Security services to the rescue
- By Heather Harreld
- Jan 09, 2000
As agencies begin to free themselves from the burden of Year 2000 remediation,
many will focus on the next big blip on management radar screens: securing
federal networks from external and internal threats.
For many agencies, the first step toward operating secure networks is to
invest in security assessment software technology. Such tools, like scanners,
are designed to probe network systems and report on system vulnerabilities.
Although it's a reasonable approach to locating security glitches, there is a problem.
"The products just give you raw data," said Mary Stassie, vice president of secure solutions development at Wang Government Services Inc. "It really is the combination of experience and training and translation that is meaningful
to a customer."
Now, a growing number of security vendors and service providers are lining
up to offer that kind of higher expertise. They are armed with an array of services that span from helping agencies with the basics, such as developing general security policies, to the more complex work of building comprehensive
Rich Baich, security delivery manager for Network Associates Inc.'s federal
practice, said agencies need to identify potential risks to networks even
before any security products, such as intrusion detection and antivirus
software, are put in place.
As part of its service offering, Network Associates begins by examining
an agency's potential physical security risks, such as telephone connections
that may reside in an unlocked location. The firm also reviews an organization's
mission to assess how attractive a target its networks are for hackers,
"If you're a government agency, you're considered to be on the high level
of possible intrusions," Baich said. "You're automatically considered to
be high risk."
Next, the company can evaluate an agency's security policy and test agency
hardware and software to make sure it conforms with the agency's stated
security policy. Network Associates also can work with agencies to train
employees about conformance to security policies.
"If it's not configured properly, and if it's not configured to conform
to policy, then you're wasting your time," Baich said. "The cherry on top
is giving your people the knowledge, the constant knowledge. If you don't
do that, all it takes is three to four months and you're behind the power
Robert Cooney, manager of the open systems integration and network technology
department for the national capital region of the Space and Naval Warfare
Systems Command (Spawar), said information assurance soon will replace Year
2000 as a top priority for the agency. Although security assessment tools
provide a critical function, they need to be accompanied by services. The
point was driven home recently to Spawar officials after they ran a scanner
over their networks.
"We got these voluminous reports that went on ad nauseam about the holes,
but it wasn't real good about [outlining] how to fix these things," Cooney
said. "There are literally hundreds of servers in this building. The typical...project
leader wasn't as sophisticated as far as security assessment. It all kind
of fell back to the security experts. They couldn't handle all the work.
You hear this cry from the field, 'What do we do about it?'"
In addition, Cooney said, security assessments should be accompanied by
a return on investment analysis to compare the cost of a fix to the potential
cost of an attack. "You need to do the risk analysis and then an ROI," he
said. "How much is it worth to protect this stuff?"
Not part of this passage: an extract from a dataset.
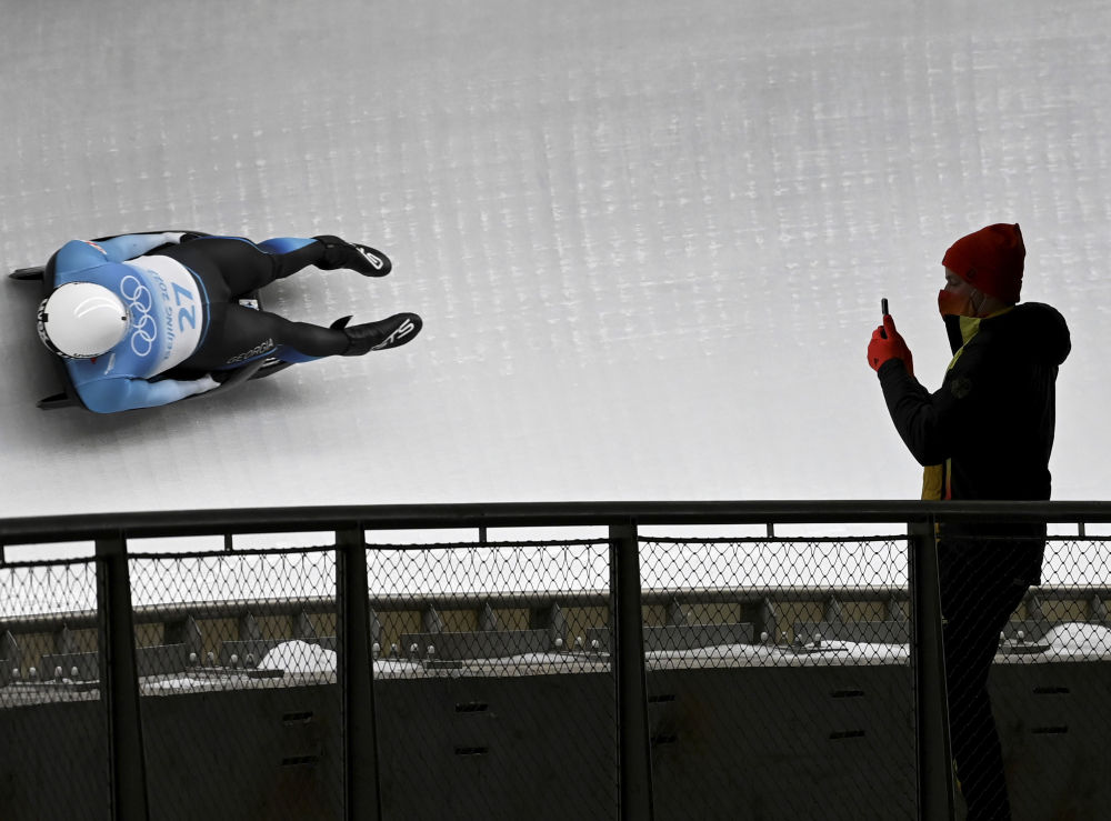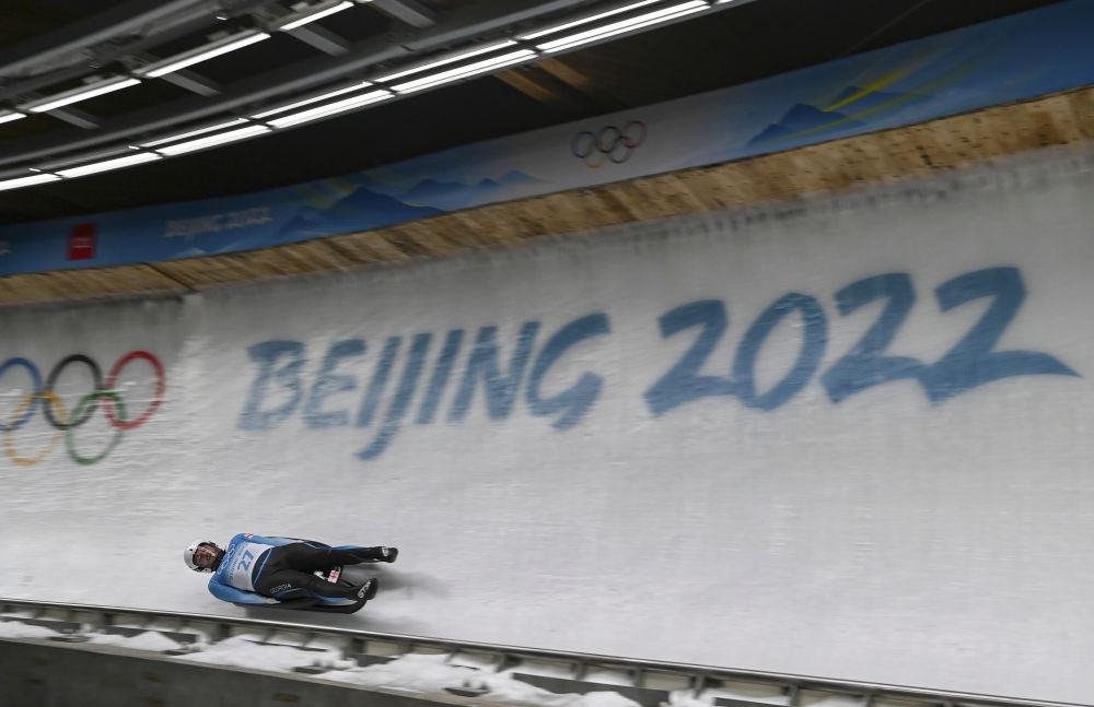 萨巴·库马里塔什威利在北京冬奥会男子单人雪橇比赛中(2022年2月5日摄)。

John Negron, manager of U.S. government sales for Axent Technologies Inc.,
said his firm's security assessment services business has doubled in the
past year, and said network security management is a sound investment for
"Management of security on a network is the biggest return on investment
today because the cost of implementing a solution that enables you to validate
that you have a sound security implementation is not much," Negron said.
Many security assessment vendors offer services to help agencies triage
the vulnerabilities often identified by network security scanners. Cisco
Systems Inc. works with agencies to identify the severity of problems and
to plug holes, said Joel McFarland, product line manager in Cisco's security
Internet services group. "We provide a very robust reporting capability...that
says, 'Here's all the problems...here's what you should do about them,'
" McFarland said.
In addition, Cisco provides follow-up services to its clients to identify
emerging new threats that its security team has identified so that agencies
can continually update their security solutions.
Wang Government Services also offers services to accompany its scanner products,
said Mike Kociemba, the firm's manager of secure systems. Before Wang ever
touches a customer's network, the service provider examines an agency's
security requirements and how they translate into policy and procedure.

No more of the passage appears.